The need for a revolutionary alternative

The economic crisis and the drop in consumption show no signs of letting up. Layoffs multiply day by day, and the conditions of the working class have reached a record low in recent history. The momentary jubilation of the markets only foreshadows the political explosions to come.

milei Image public domainMilei’s government is bleeding its social base of support / Image: public domain

If in the October elections, a significant sector of the working class casts their votes for the Peronist candidates, those leaders will face a stark choice: prop up the government with their votes in parliament which would be politically damaging, or prepare to replace Milei through institutional mechanisms.

Seeing that Milei’s government is bleeding its social base of support, the imperialists fundamentally demand that Milei maintains governability to put through the counter-reforms they require. In the last instance, that may mean inviting part of the political opposition onto a sinking ship.

The fact that the opposition gathered the necessary two thirds of votes in congress to block Milei’s veto of funding bills that they passed for education and healthcare projects, something they failed to do previously, shows that they sense the weakness of the government, as well as pressure from below.

The massive demonstrations in the city of Buenos Aires and across the country in defence of education and healthcare, are initial displays of the enormous power of the working class. But this energy must be focused.

The leaders of the left parties must act like the revolutionary opposition to the system that they claim to be, rather than a merely parliamentary opposition to Milei, playing within the limits of bourgeois institutions. If they continue to misread the political situation and miss its revolutionary potential, they will only fall further out of step with the mood of the masses and continue to lose votes, as they have been doing in provincial and national elections.
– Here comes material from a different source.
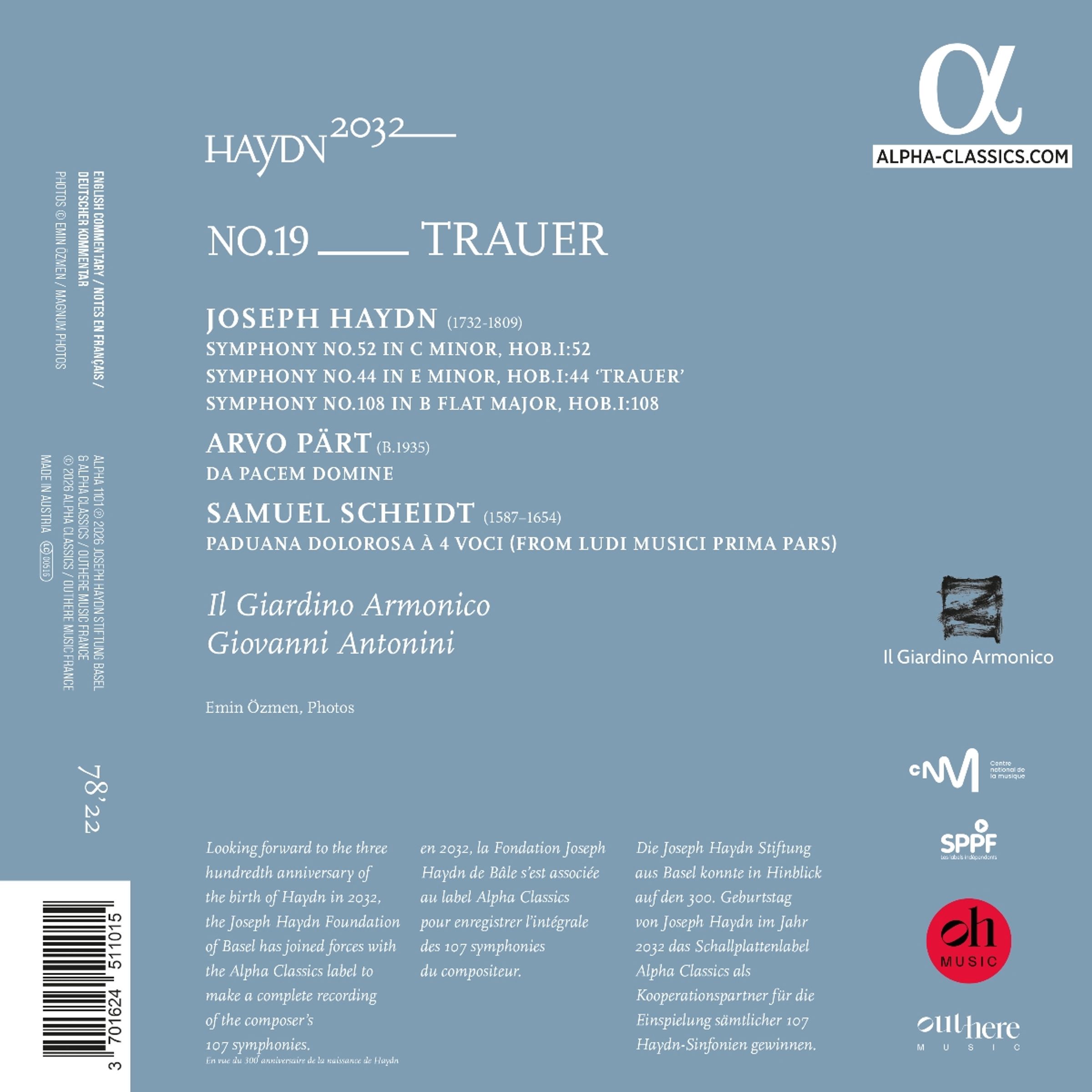 Dieser 19. Band der Haydn-Sinfonien-Gesamtausgabe erscheint pünktlich zum 40-jährigen Jubiläum von „Il Giardino Armonico“, dem Ensemble, das von Giovanni Antonini, dem künstlerischen Leiter der Reihe „Haydn 2032“, gegründet wurde und unter dessen Leitung steht. Il Giardino hat die Barockwelt mit seinem revolutionären Ansatz zu Vivaldi geprägt, doch Haydn ist seit langem Teil der Geschichte des italienischen Ensembles, und die in diesem Band enthaltene Sinfonie Nr. 44 war das erste Werk von Haydn, das das Ensemble unter Antonini aufführte. Der Titel dieser Symphonie, bekannt als „Trauersymphonie“, inspirierte die Aufnahme von Scheidts „Paduana Dolorosa“ in dieses Programm, die 1621 zu Beginn des blutigen Dreißigjährigen Krieges veröffentlicht wurde, sowie von Arvo Pärts „Da pacem Domine“, das dem Gedenken an die Opfer der Madrider Zuganschläge von 2004 gewidmet ist: „Ihre kontemplative Unbeweglichkeit und die traurige Pavana dolorosa übernehmen eine fast kathartische Funktion, die meiner Meinung nach eine perfekte Integration zwischen Musik zeigt, die stilistisch und chronologisch so weit voneinander entfernt ist“, sagt Antonini, der auch die Sinfonien Nr. 108 (1762) und Nr. 52 (1771) dirigiert.
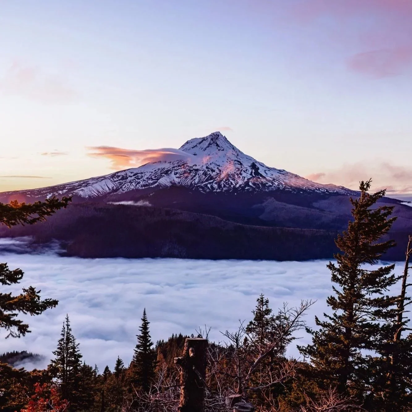 Mt. Hood with low lying clouds.

What is required is to build class independence, on the basis of a programme which answers the pressing needs of the working class. Expressed through the organising of the working class in their workplaces, neighbourhoods, and schools, and ultimately, in the construction of a mass revolutionary party armed with Marxist theory. The working class must fight for its own interests with its own methods: strikes, marches, and factory occupations.

The failures of Peronist bourgeois nationalism, and right-wing alternatives, from Macri to Milei, will help the working class reach the necessary conclusions. The rise in non-voting and spoiling ballots to previously unseen levels is further evidence of the ripe conditions for the building of a revolutionary party. Building such a party is the only way to stop the attacks of the capitalists, which are guaranteed in the current system no matter which party governs.